What is required -> Output all entries exactly as they appear and skip the pictures.

Listed records ->
───

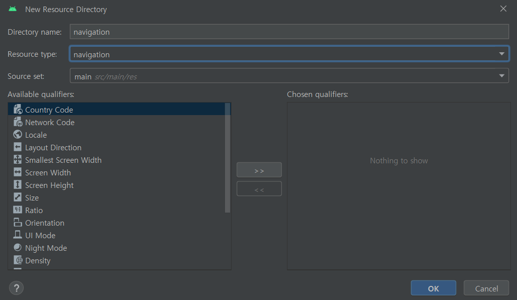 res/ 파일에 오른쪽 마우스 클릭 후 New > Android Resource Directory 생성 후 Resource type 을 navigation 으로 하고 이름을 Directory Name 을 navigation 인 디렉터리를 생성한다.
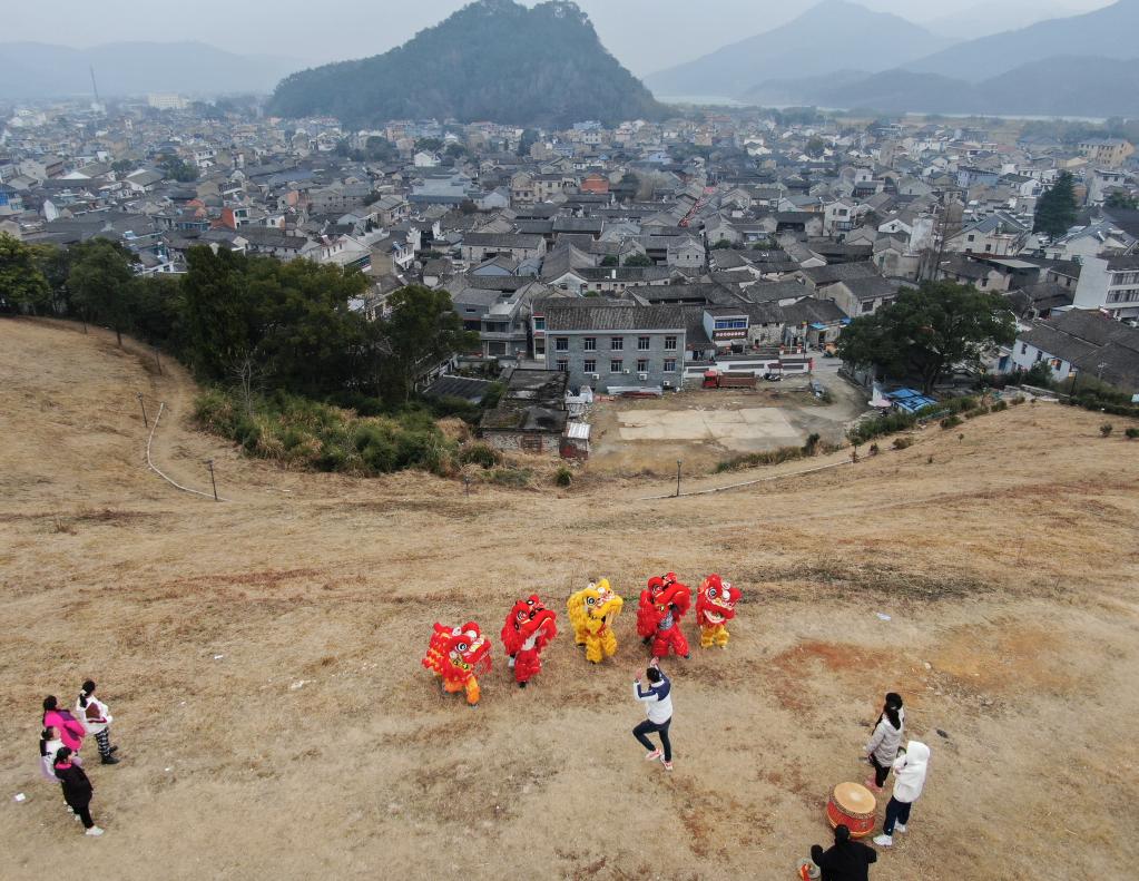 In this aerial photo, Tong Panfeng instructs members of a lion dance team during a training near Qiantong ancient town in Ninghai County, east China's Zhejiang Province, Jan. 20, 2022. Tong Panfeng is an enthusiast of lion dance. At the age of 26, he quit his job to learn lion dance all over the country. In 2016, with the support of the local government, Tong returned to his hometown to promote the lion dance into school activities with an aim to help primary and middle school students keep fit and inherit the traditional culture. Thanks to the efforts of Tong, many local primary and middle school students joined the lion dance team of the town and they often practice lion dance in their spare time. In recent years, this team has achieved good results in provincial and national championships for many times.Lion dance is not only a sport but also a cultural tradition which has made the the ancient town full of vitality. (Xinhua/Weng Xinyang)
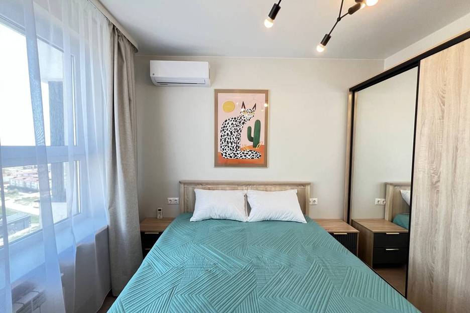Оборудование: кухонная техника и посуда, посудомоечная машина, стиральная машина, кондиционеры в каждой комнате, Smart TV, шторы полный блэкаут в спальне.
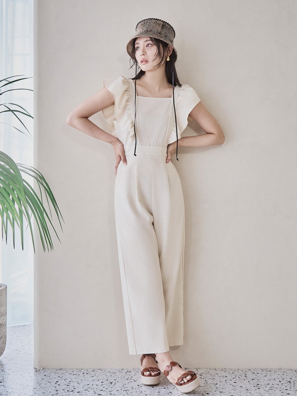 大ぶりなフリルが目を惹くオールインワン。後ろ姿まで可愛いバックリボンがポイント。
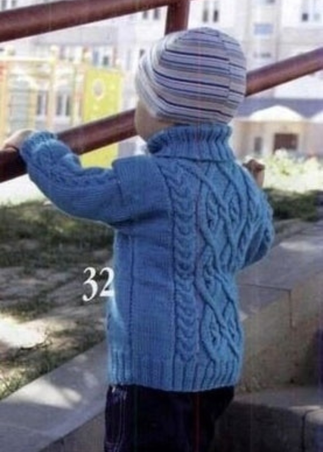 Спинка: на спицы № 2,5 набрать 80 п. и связать 4 см резинкой 2 х 2, в последнем изнаночном ряду равномерно прибавить 6 п., провязывая их скрещенной из протяжки между петлями ( = 86 п.) Продолжить спицами № 3 в следующем порядке: кром., 14 лиц., 56 п. схемы, 14 лиц., кром. На высоте 38 см от начала вязания закрыть все петли.
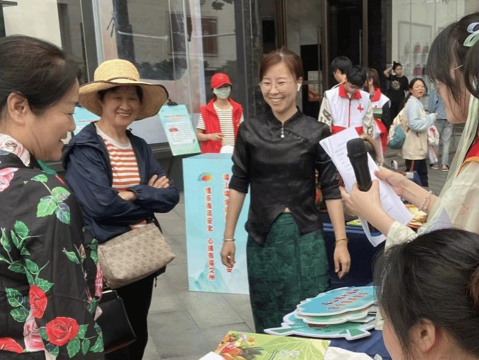 本次活动模式为“国潮+食安”,即以国风为载体进行食安宣传。我院服务队的志愿者们身着汉服,在国风场景下,热情分发创城宣传单页,讲解食安知识,深入宣传食安创城内容。现场更有专业的工作人员,为群众展示茶艺表演,共襄茶文化盛宴。
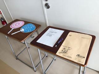 本日から、生徒たちは夏休み、学校では保護者懇談期間が始まりました。やっと梅雨も開け、夏らしい強い日差しが降り注ぎ、30度を越える気温の中、たくさんの保護者の方においでいただきました。順番を待っていただく教室前は、残念ながら冷房は効きません。窓からは熱風が・・・そんな環境を思ってか、うちわを置いてあるクラスがありました。(このクラスには椅子に座布団も敷いてありました。おもてなし、ですね。)

───

Task answer ->
 res/ 파일에 오른쪽 마우스 클릭 후 New > Android Resource Directory 생성 후 Resource type 을 navigation 으로 하고 이름을 Directory Name 을 navigation 인 디렉터리를 생성한다.
 In this aerial photo, Tong Panfeng instructs members of a lion dance team during a training near Qiantong ancient town in Ninghai County, east China's Zhejiang Province, Jan. 20, 2022. Tong Panfeng is an enthusiast of lion dance. At the age of 26, he quit his job to learn lion dance all over the country. In 2016, with the support of the local government, Tong returned to his hometown to promote the lion dance into school activities with an aim to help primary and middle school students keep fit and inherit the traditional culture. Thanks to the efforts of Tong, many local primary and middle school students joined the lion dance team of the town and they often practice lion dance in their spare time. In recent years, this team has achieved good results in provincial and national championships for many times.Lion dance is not only a sport but also a cultural tradition which has made the the ancient town full of vitality. (Xinhua/Weng Xinyang)
Оборудование: кухонная техника и посуда, посудомоечная машина, стиральная машина, кондиционеры в каждой комнате, Smart TV, шторы полный блэкаут в спальне.
 大ぶりなフリルが目を惹くオールインワン。後ろ姿まで可愛いバックリボンがポイント。
 Спинка: на спицы № 2,5 набрать 80 п. и связать 4 см резинкой 2 х 2, в последнем изнаночном ряду равномерно прибавить 6 п., провязывая их скрещенной из протяжки между петлями ( = 86 п.) Продолжить спицами № 3 в следующем порядке: кром., 14 лиц., 56 п. схемы, 14 лиц., кром. На высоте 38 см от начала вязания закрыть все петли.
 本次活动模式为“国潮+食安”,即以国风为载体进行食安宣传。我院服务队的志愿者们身着汉服,在国风场景下,热情分发创城宣传单页,讲解食安知识,深入宣传食安创城内容。现场更有专业的工作人员,为群众展示茶艺表演,共襄茶文化盛宴。
 本日から、生徒たちは夏休み、学校では保護者懇談期間が始まりました。やっと梅雨も開け、夏らしい強い日差しが降り注ぎ、30度を越える気温の中、たくさんの保護者の方においでいただきました。順番を待っていただく教室前は、残念ながら冷房は効きません。窓からは熱風が・・・そんな環境を思ってか、うちわを置いてあるクラスがありました。(このクラスには椅子に座布団も敷いてありました。おもてなし、ですね。)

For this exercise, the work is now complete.